On the bipolar I side, it posted 100% specificity, meaning no bipolar patients were incorrectly labeled as having schizophrenia. Overall accuracy clocked in at 98.3%.
Now, caveats matter here. These numbers come from a controlled study population of about 90 subjects. Real-world performance across larger, more diverse groups could look different. The test still needs broader clinical validation before anyone can order it. But as early data goes, this is eye-catching.
The FDA granted Laguna its Breakthrough Device Designation in late April 2026. That sounds dramatic, and it is meaningful, but it's worth understanding what it actually does.
Breakthrough status doesn't lower the bar for approval. It doesn't mean the test is cleared for use. What it does is move Laguna to the front of the line for FDA interactions, give the company more frequent feedback from regulators, and prioritize the eventual review of its marketing application. Think of it as a VIP pass at the airport: you still go through security, but you skip the two-hour line.
To qualify, a device must address a life-threatening or irreversibly debilitating condition and offer a significant advantage over existing options. In this case, there are essentially no existing objective diagnostic tools for this specific differential diagnosis, so the bar for "significant advantage" isn't hard to clear.
Beyond the clinic, this kind of test could ripple through CNS drug development in a big way.
Psychiatric clinical trials have a notorious failure rate, and one of the biggest reasons is patient heterogeneity. When you run a schizophrenia trial but 15% of your enrolled patients actually have bipolar I (because the clinical diagnosis was wrong), you're diluting your signal. It's like testing a new recipe but accidentally mixing in the wrong ingredients; of course the results will be inconsistent.
An objective blood-based test that can stratify patients more accurately at enrollment could make trials smaller, faster, and more likely to succeed. For pharma companies that have spent billions watching CNS trials fail, that's not a minor convenience. It's a potential game-changer for how precision psychiatry studies get designed.
Laguna isn't the only company chasing biological diagnostics in mental health. The broader landscape includes proteomic panels, metabolomic signatures, pharmacogenomic tests (which help choose medications, not diagnose conditions), and even AI-driven platforms that combine blood markers with digital phenotyping data from smartphones and wearables.

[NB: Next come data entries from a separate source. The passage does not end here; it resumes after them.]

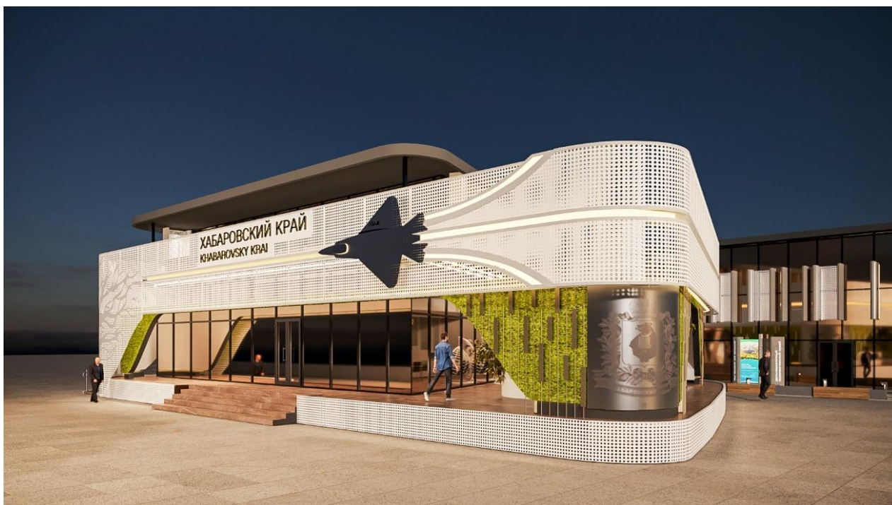
Рис. 4 – вечерний вид Выставочной экспозиции (проекция "Фасадная сторона основного здания")
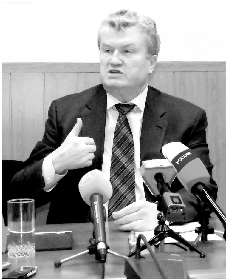
Депутат Госдумы Валерий Язев отчитался перед избирателями Мурманской области о работе за год.

По просьбе журналистов Валерий Язев прокомментировал принятый Государственной думой РФ Закон «О мерах воздействия на лиц, причастных к нарушениям основополагающих прав и свобод человека, прав и свобод граждан Российской Феде-
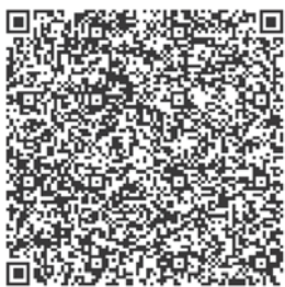
扫码看车祸救援现场视频。
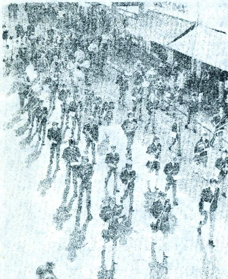
Ett litet men sälsynt demonstrationståg i ungdomsorkestrernas följe. Det är fotoentusiaster från hela Sverige som under två dagar snäller ut bilder och håller stämman i Bollnäs.

kvaliteten på de svart/vita kollektionerna är tekniskt sett högklassiga.
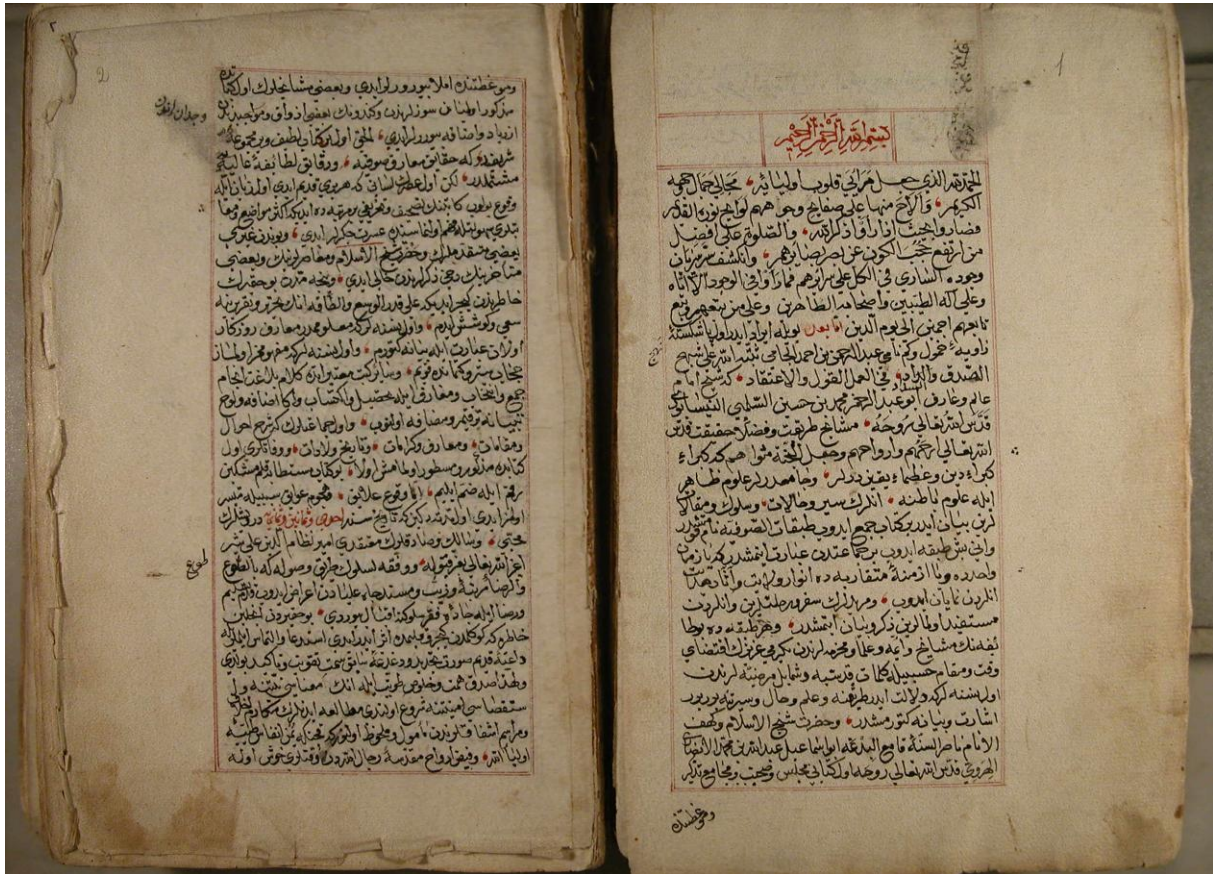
Muhammed bin Hüseyin'in Tercüme-i Nefehâtü'l-Üns'ün Mukaddime bölümü (vr.14b-1a)
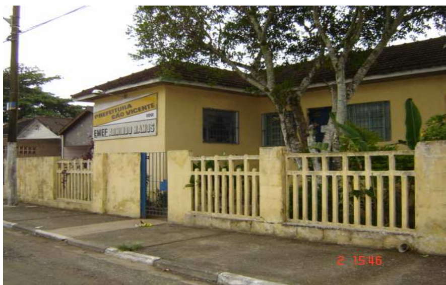
Fachada da EMEF Armindo Ramos

A EMEF Armindo Ramos, como mostra a foto, mais parece uma casa adaptada para abrigar uma escola. Os muros e portões baixos e a conservação demonstram sua aceitação pela população. Está localizada no bairro de Samaritá, um dos mais tranquilos da região. Seu número de alunos mantém-se estável, e a comunidade é participante e sem problemas de relacionamento com o corpo administrativo.
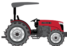
55 to 80 hp
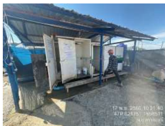
รูปที่ 12 ห้องน้ำห้องส้วม /เจ้าหน้าที่ทำความสะอาดห้องน้ำห้องส้วม (ปัจจุบันได้ทำการรื้อถอนเรียบร้อยแล้ว)
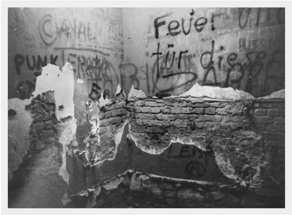
Das „Design“ im Schuppen war ein wenig „gammelig“. Den Gästen gefiel es.

But here's the thing: none of them are FDA-cleared for psychiatric diagnosis yet. The entire field is pre-commercial. Laguna's Breakthrough designation puts it among the most advanced in a race where nobody has crossed the finish line.

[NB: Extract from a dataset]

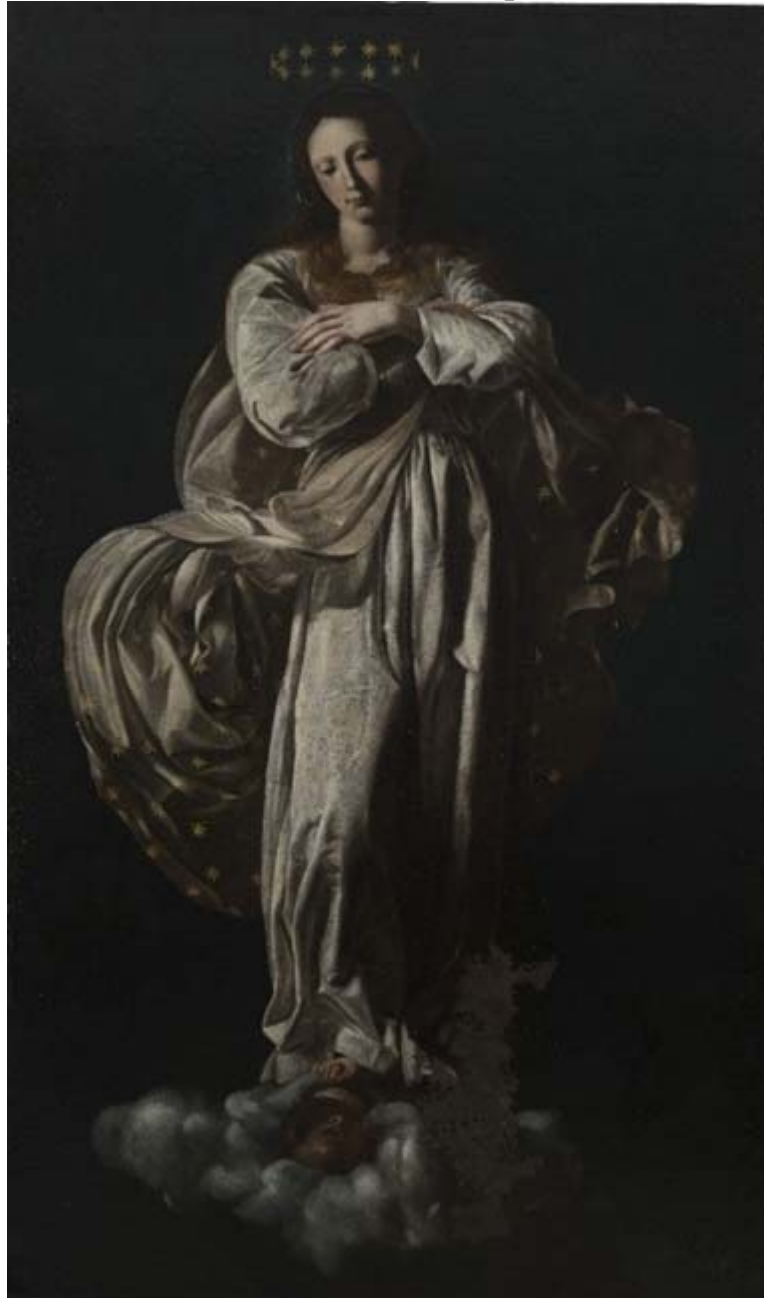
Battistello Caracciolo, Immacolata Concezione, 1627 ca, Chiesa della Natività della Beata Maria Vergine, Roccadaspide (Sa)

The company is currently raising about $5 million in seed funding to complete lab validation, hire key staff, and launch an FDA-supported clinical validation trial. It's small; co-founded by CEO Terry W. Osborn (a molecular diagnostics veteran) and M. Marquis P. Vawter, a research professor of psychiatry at UC Irvine whose functional genomics work underpins the patent.
Laguna's near-term plan is to offer the test as a laboratory-developed test (LDT) through a certified lab partner while it works toward full FDA marketing authorization. That could put it in clinicians' hands sooner, even before the formal approval process wraps up.

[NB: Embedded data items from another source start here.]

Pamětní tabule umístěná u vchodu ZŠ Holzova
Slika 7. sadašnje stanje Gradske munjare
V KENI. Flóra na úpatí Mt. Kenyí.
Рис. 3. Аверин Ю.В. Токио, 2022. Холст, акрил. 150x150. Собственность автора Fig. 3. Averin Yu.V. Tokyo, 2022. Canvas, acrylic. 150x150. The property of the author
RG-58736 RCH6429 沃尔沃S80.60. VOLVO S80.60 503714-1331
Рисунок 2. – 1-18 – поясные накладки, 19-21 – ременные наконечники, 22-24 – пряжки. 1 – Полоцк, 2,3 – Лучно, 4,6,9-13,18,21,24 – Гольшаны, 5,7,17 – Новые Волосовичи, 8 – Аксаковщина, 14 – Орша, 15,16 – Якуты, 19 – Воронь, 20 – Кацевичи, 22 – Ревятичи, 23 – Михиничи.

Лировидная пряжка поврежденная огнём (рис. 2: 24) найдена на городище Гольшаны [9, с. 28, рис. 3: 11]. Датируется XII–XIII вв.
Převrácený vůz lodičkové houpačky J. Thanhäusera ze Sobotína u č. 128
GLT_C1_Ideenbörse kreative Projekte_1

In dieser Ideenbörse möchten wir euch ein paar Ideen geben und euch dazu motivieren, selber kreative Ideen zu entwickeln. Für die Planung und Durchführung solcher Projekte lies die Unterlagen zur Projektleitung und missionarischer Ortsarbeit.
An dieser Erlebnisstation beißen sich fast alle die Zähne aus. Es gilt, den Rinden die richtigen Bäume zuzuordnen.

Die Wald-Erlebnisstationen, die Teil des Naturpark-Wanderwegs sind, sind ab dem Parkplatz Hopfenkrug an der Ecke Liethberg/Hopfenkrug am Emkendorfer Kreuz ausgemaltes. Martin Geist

But the road ahead has real hurdles. The company needs to validate performance in larger, more diverse populations. It needs to prove the test holds up outside controlled study settings. And it needs to convince payers that a blood-based psychiatric diagnostic is worth covering.
Still, the core idea is powerful. Psychiatry is one of the last major branches of medicine where diagnosis depends almost entirely on conversation rather than biology. If a $50 blood draw could shave years off the diagnostic journey for millions of patients, the implications go far beyond one small company in Irvine.
The test hasn't been approved. It hasn't been validated at scale. But for a field that has waited decades for something objective to hold onto, even a strong signal from 90 patients and a Breakthrough designation feels like the ground is finally shifting.